January 8, 2026
The US Raid on Venezuela: The View From Beijing
Griffin Allen

By: Griffin Allen | The Diplomat |
The recent capture of Nicolas Maduro serves as a stark warning to Chinese leaders about U.S. capabilities and resolve – a warning that is likely to bolster, rather than undermine, deterrence across the Taiwan Strait. While it’s not possible to know what’s in the mind of Xi Jinping, the United States’ capture of Maduro should give Xi Jinping pause as he sets his sights on Taiwan.
Fears that the capture of Maduro will encourage China to do something similar in Taiwan are overblown. First, and most importantly, China doesn’t need to use U.S. action as a pretext to act aggressively toward Taiwan. China has worked hard to build a rationale for action against Taiwan by portraying it as a Chinese “internal affair.” To that end, it has conditioned its diplomatic relationships on acceptance of its “One China Principle.” As a result, due to China’s distortion of the reality in the Strait, China claims not to need to justify its intervention in Taiwan.
As far as Beijing is concerned, international law does not apply; cross-strait relations and U.S.-Venezuela ties are in no way analogous.
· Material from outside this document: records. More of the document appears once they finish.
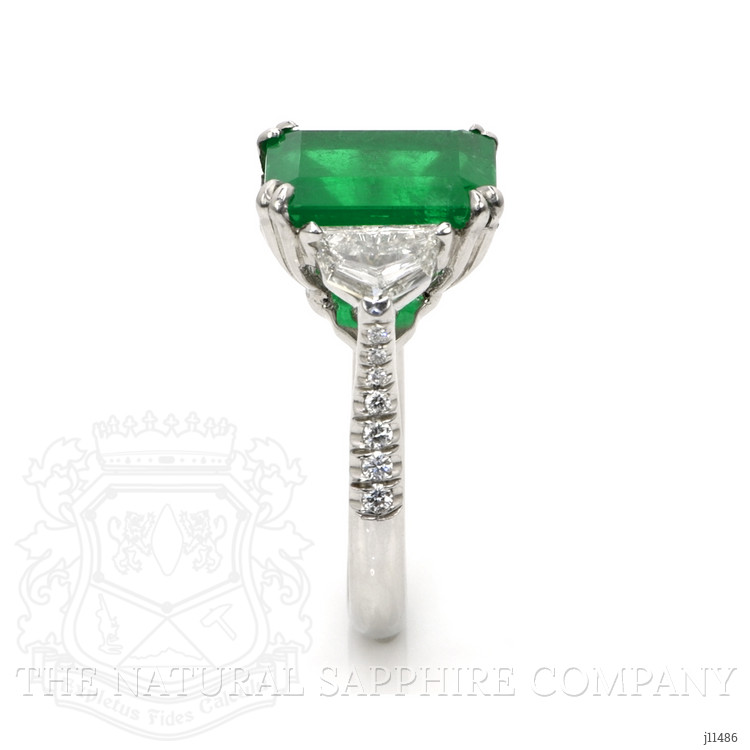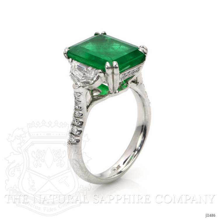 5.48 Ct. Emerald Natural Diamond Three Stone Ring, Platinum 950
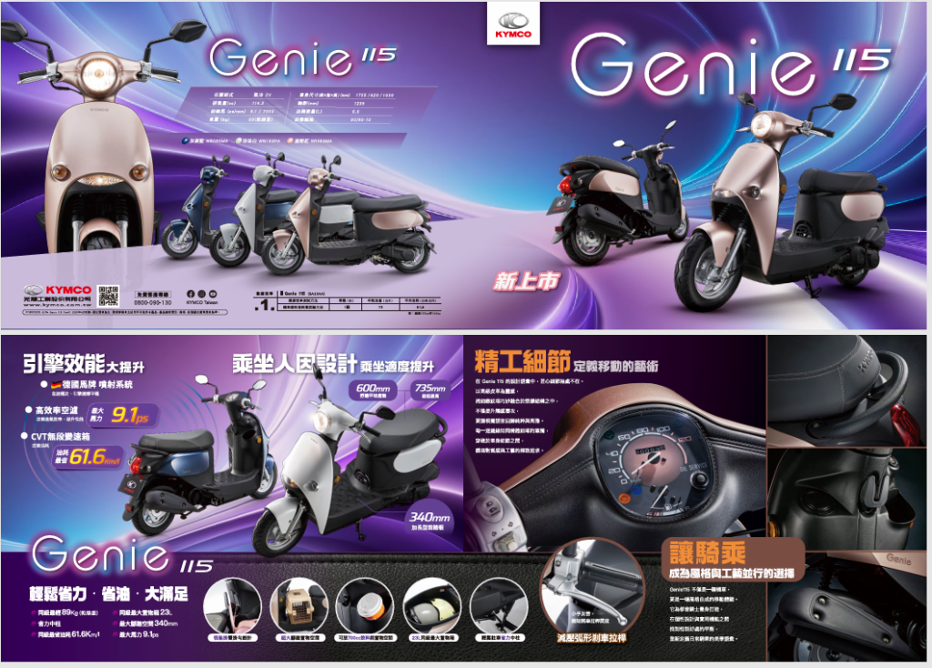 柯俊斌董事長表示:「Genie 小精靈用獨特行銷手法包裝,首創國內機車界 AI 廣告跟以及IP角色超萌吉祥物「Genie 潮萌小精靈」,不僅成為廣告亮點、人見人愛,更代表 KYMCO 邁入年輕風格化、數位化的新世代行列。」「Genie 小精靈」的可愛設計一登場便引起全場熱議,尤其在重車展「大車」的包圍下,嬌小輕巧的潮萌 Genie 115 更顯得突出亮眼又特別。
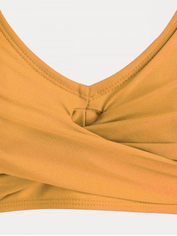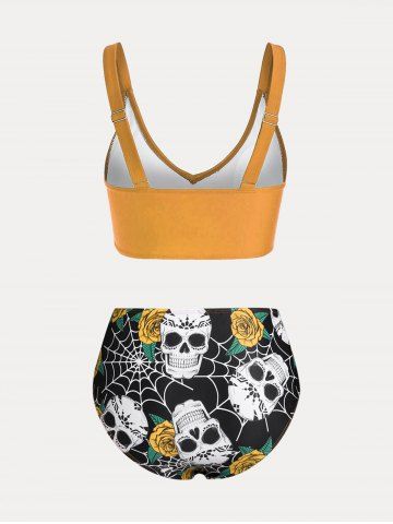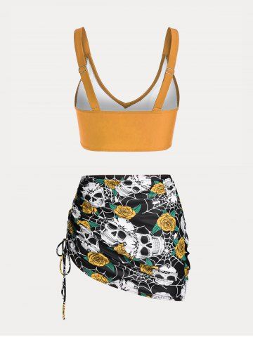 Plus Size & Curve Skull Rose Print Crossover Three Piece Bikini Swimsuit - Yellow - 3x
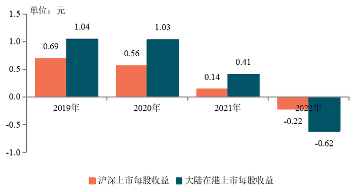 2019-2022年沪深及大陆在港上市房地产公司每股收益均值
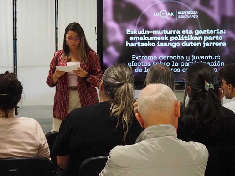 Este seminario, organizado por el Observatorio de la Actividad Política (LUPAK), busca abrir un espacio de reflexión sobre cómo estas tendencias políticas pueden afectar los avances logrados en materia de igualdad y, específicamente, a la participación real y efectiva de las mujeres en política. En esta sesión, contaremos con la participación de Ainhoa Novo Investigadora y Profesora de Ciencia Política de la EHU y Lionel Delgado, Investigador y Divulgador en Masculinidades, (anti)feminismos e Igualdad y creador del proyecto Bróders.
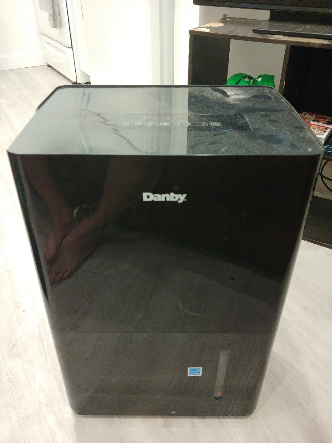 Selling a Danby dehumidifier. It's in good working condition, perfect for keeping your home dry and comfortable. It has a visible water level indicator.
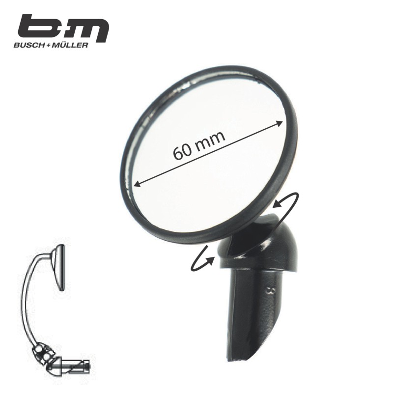 Le rétroviseur Cycle Star 60 mm de la marque BUSCH & MÜLLER offre un grand champ de vision. Il permet de se déplacer en toute sécurité en ayant une bonne visibilité sur l'arrière du vélo. Le verre à un diamètre de 60 mm et est protégé contre les éclats de verre.
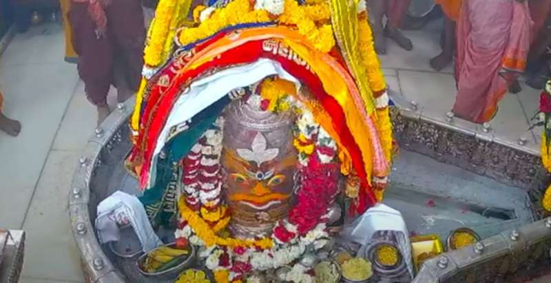श्री महाकालेश्वर मंदिर प्रांगण में आज कालो के काल बाबा महाकाल भस्म आरती के दौरान मस्तक पर और बेल पत्र लगाकर शृंगारित हुए। श्री महाकालेश्वर मंदिर में आज सुबह 4 बजे हुई भस्मारती के दौरान बाबा महाकाल का पंचामृत पूजन अभिषेक कर आकर्षक स्वरूप मे शृंगार किया गया। इस दौरान बाबा महाकाल को रुद्राक्ष की माला अर्पित की गई। इस शृंगार के बाद फिर उन्होंने भस्म रमाई। जिसके बाद भक्तों ने इन दिव्य दर्शनों का लाभ लिया और जय श्री महाकाल का उद्घोष भी किया।
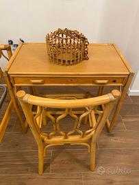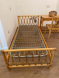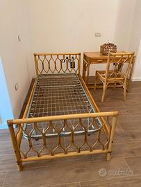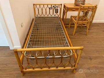 Mobili conservati molto bene e interamente in legno di Bamboo. Mobili vendibili anche separatamente. L'intero mobilio comprende letto, lampadario, scrivania e sedia. La fodera della sedia sta venendo cambiata e verrà installata non appena nuova. Il prezzo può essere abbassato se questo servizio non è apprezzato.
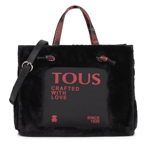 Средняя сумка-shopping TOUS из коллекции Amaya Fur из винила под кожу с черной меховой подкладкой. Застежка-кнопка на магните. Ручки и регулируемый съемный ремень-кроссбоди. Плоский внешний карман и 2 внутренних кармана на молнии. Размеры: 15,5 x 20,5 x 27 см.
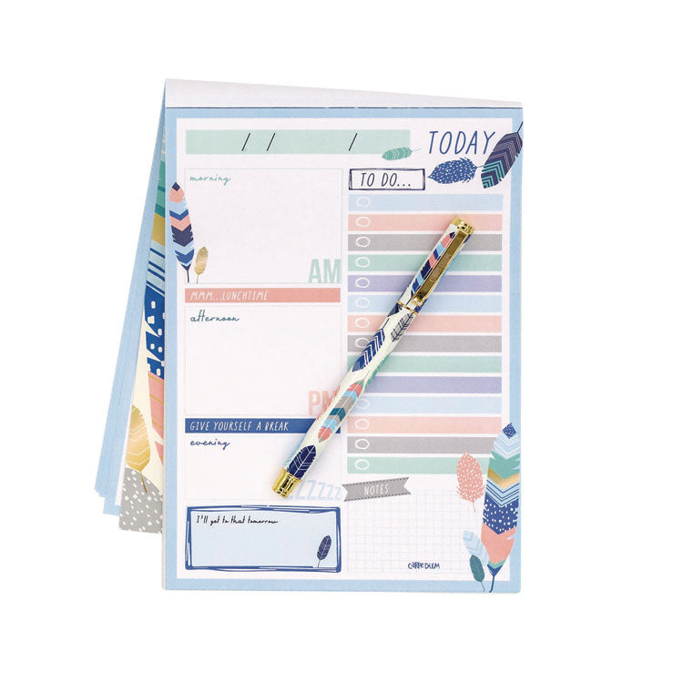 Our daily planner pads measuring 8.3 inches x 5.8 inches are perfect for super-busy schedules, this beautiful planner is here to help you stay on top of things. Keep your day in order with our organizational day format. From a section to write notes, a to-do list, a morning, afternoon and evening schedule and for when your brain is frazzled after a long day an 'I'll get to that tomorrow' section. Featuring 60 tear-off, undated sheets not only will our daily planners help you structure your day but they also look super cute too! People expect more from Pukka Pad products and that's what they get. Dated/Undated: Undated; Calendar Format: Daily; Calendar Spread Format: One Day per Page; Academic Year: No.
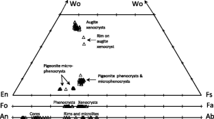 Andersen DH, Lindsley DH, Davidson PM (1993) QUILF: a PASCAL program to assess equilibria among Fe Mg Mn Ti oxides, pyrosenes, olivine and quartz. Comput Geosci 19:1333–1350
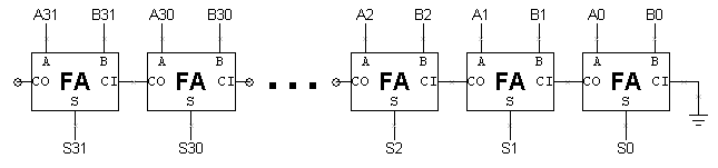 Clearly, testing a 32-bit adder by trying all combinations of input values isnʼt a good plan! Shown below is a schematic for a 32-bit ripple-carry adder.
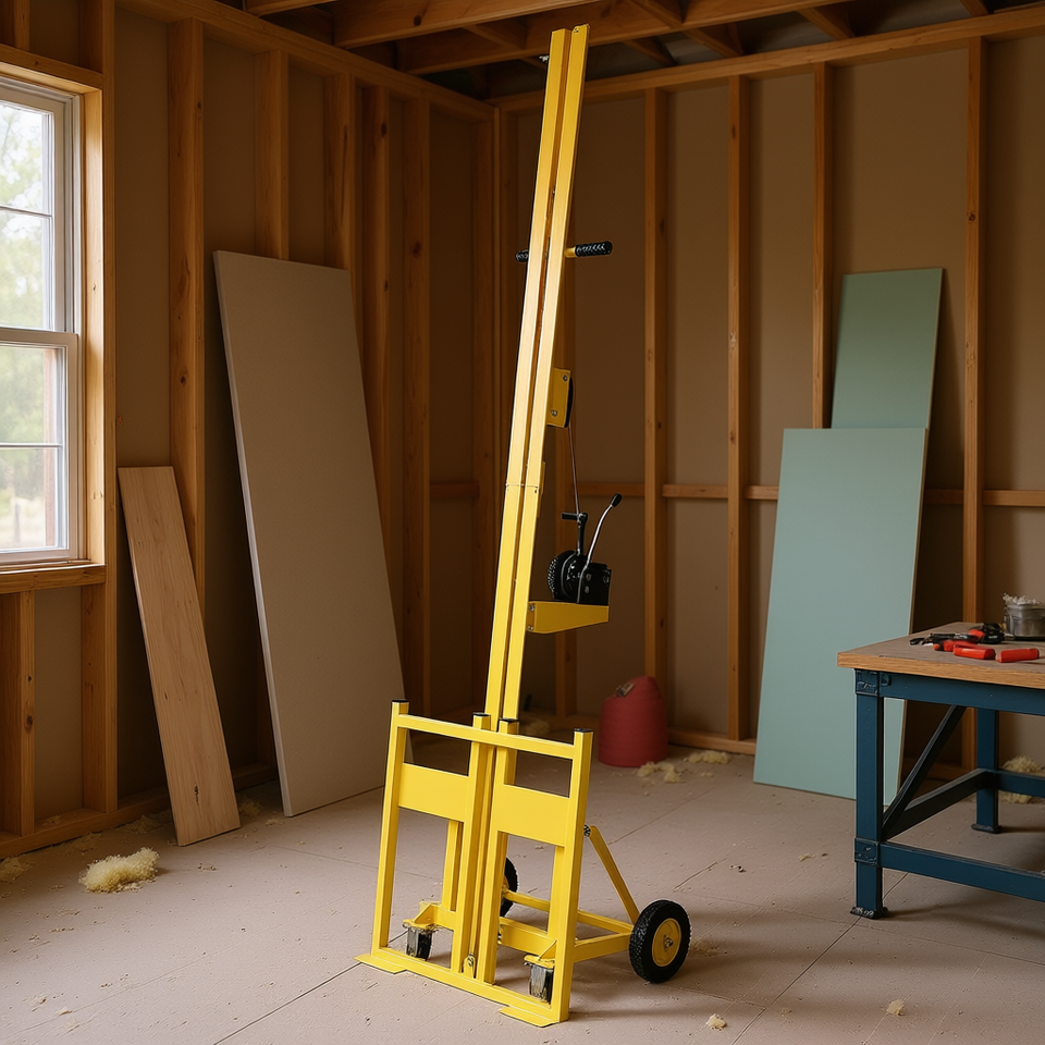 Lève-plaque de plâtre jaune, capacité de charge 150 lb, palan à chaîne manuel pour la manipulation des panneaux de plâtre de construction
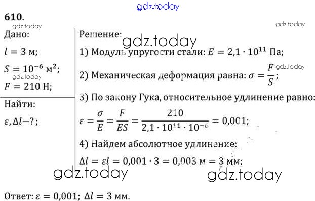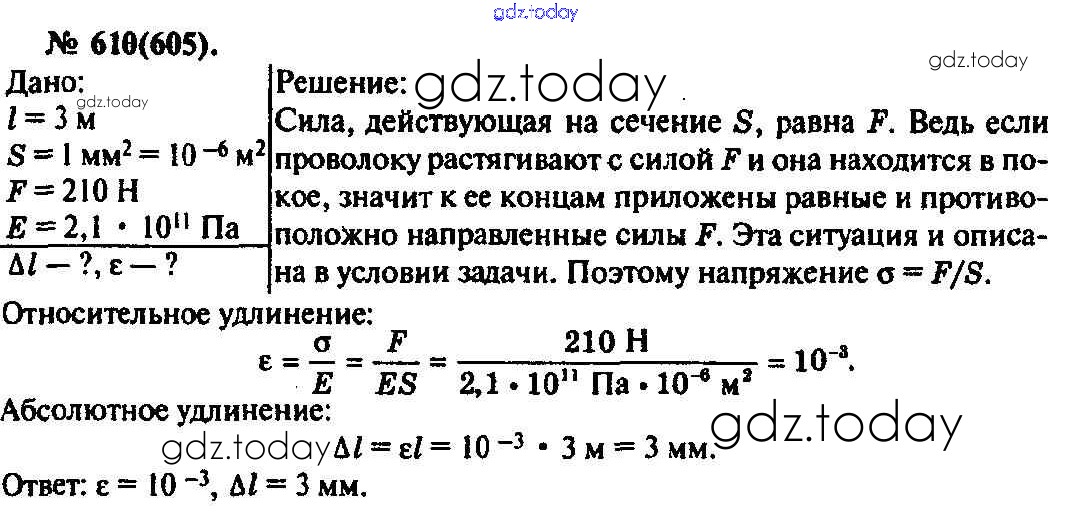 На страницах сайта gdz.today вы найдете учебный и вспомогательный материал, направленный на улучшения знаний школьной программы. ГДЗ - онлайн мир знаний Задачи 610 Задачнику по Физике для 10-11 класса Рымкевич Дрофа УМК 2013
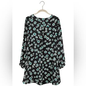 Turn heads in this gorgeous Express swing dress featuring a vibrant black and teal floral pattern. Designed with a flattering keyhole neckline and a flowy silhouette, this lined dress offers all-day comfort and effortless style. The pull-on design makes it easy to wear—perfect for everything from workdays to weddings.

For Beijing to say otherwise would be to undermine its own arguments regarding Taiwan. At most, the U.S. action against Maduro provides Beijing with fodder for propaganda and an imperfect view of how the international community reacts to leadership decapitation operations. Taiwan is far more central to global supply chains and strategic stability than Venezuela, and the international response would reflect that.